Es un hecho que Austria dio a las propuestas inglesas la misma respuesta que antes al despacho ruso. A raíz de esta segunda decepción, Rusia y Francia indujeron al pobre lord Malmesbury a proponer a Austria un desarme general como paso previo. En las Tullerías se supuso, naturalmente, que Austria rechazaría de plano semejante propuesta, ya que lleva ventaja en el armamento a todos sus rivales, pero una vez más Bonaparte había hecho cuentas sin el posadero.
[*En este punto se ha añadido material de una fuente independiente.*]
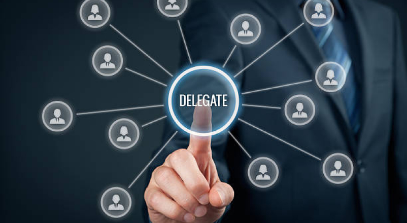 Делегирование прав происходит при публикации задачи, путем активации чек-бокса "Замещение прав доступа по разделу", делегирует права по разделу исполнителю задачи.

Austria sabe que Bonaparte no puede desarmar sin desprenderse a la vez de la gravosa carga de la corona imperial. Así pues, Austria accedió a una propuesta que sólo se había hecho para ser rechazada. En las Tullerías cundió gran consternación, y tras veinticuatro horas de reflexión enriquecieron al mundo con el descubrimiento de que «un desarme simultáneo de las grandes potencias no significa otra cosa que el desarme de Austria». Léase si no el siguiente desvergonzado elaborado de La Patrie, periódico directamente inspirado por Napoleón III:

«En todo caso, la propuesta de desarme sólo vale para dos potencias, Austria y el Piamonte: Austria, que ha concentrado sus fuerzas en Italia en una medida sin precedentes, y el Piamonte, que ante el ejército austríaco en Lombardía se ve forzado a responder a las amenazas de guerra con preparativos defensivos. La cuestión del desarme, suscitada por Austria, es una cuestión que debe resolverse en primer lugar; tan pronto como Austria retire su ejército de Italia, el Piamonte no podrá ignorar el ejemplo que así se le da.
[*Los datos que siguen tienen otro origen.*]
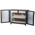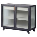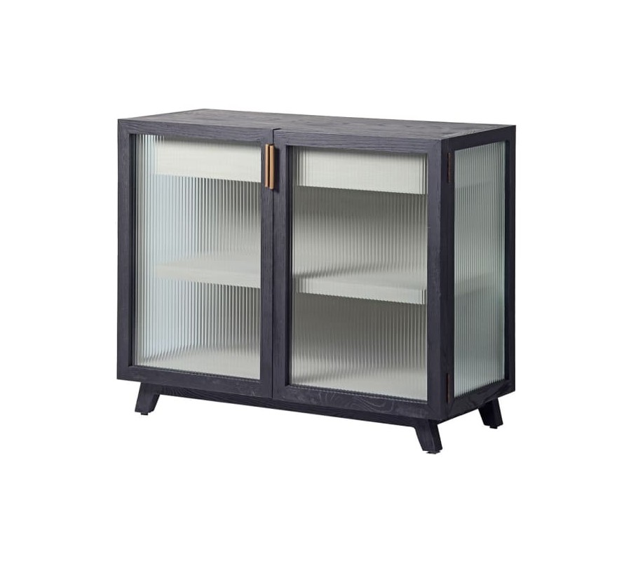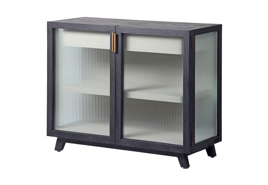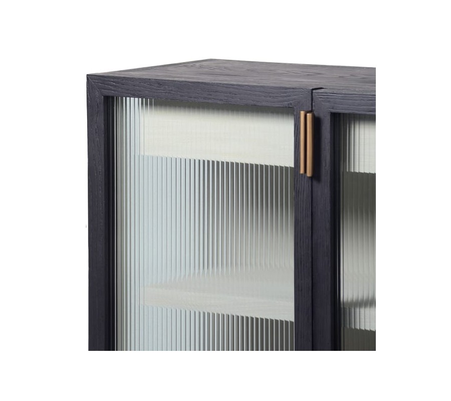 Moderná vitrína Kaleon z masívneho dreva čiernej farby a dvierkami z ryhovaného skla 105cm

En cuanto a Francia, no necesita desarmar (elle n’a pas à désarmer), sencillamente porque no se ha armado por encima de la medida habitual, porque no ha concentrado tropas en sus fronteras y porque ni siquiera quiere hacer uso de su derecho a responder a las amenazas de Austria, amenazas dirigidas contra el Piamonte y contra la paz de Europa. Para Francia no puede plantearse en modo alguno licenciar ni un solo soldado apto para las armas ni devolver un solo cañón más al arsenal. El desarme, para Francia, sólo puede significar el compromiso de no armarse.»

No podemos creer que Austria presente exigencias más amplias; eso haría perder todo valor a la prenda que Austria, sin duda en un ánimo más amistoso (mieux inspirée), quiso dar para la paz de Europa, cuando propuso un desarme en el cual —como bien sabe— ella misma tendría que comenzar.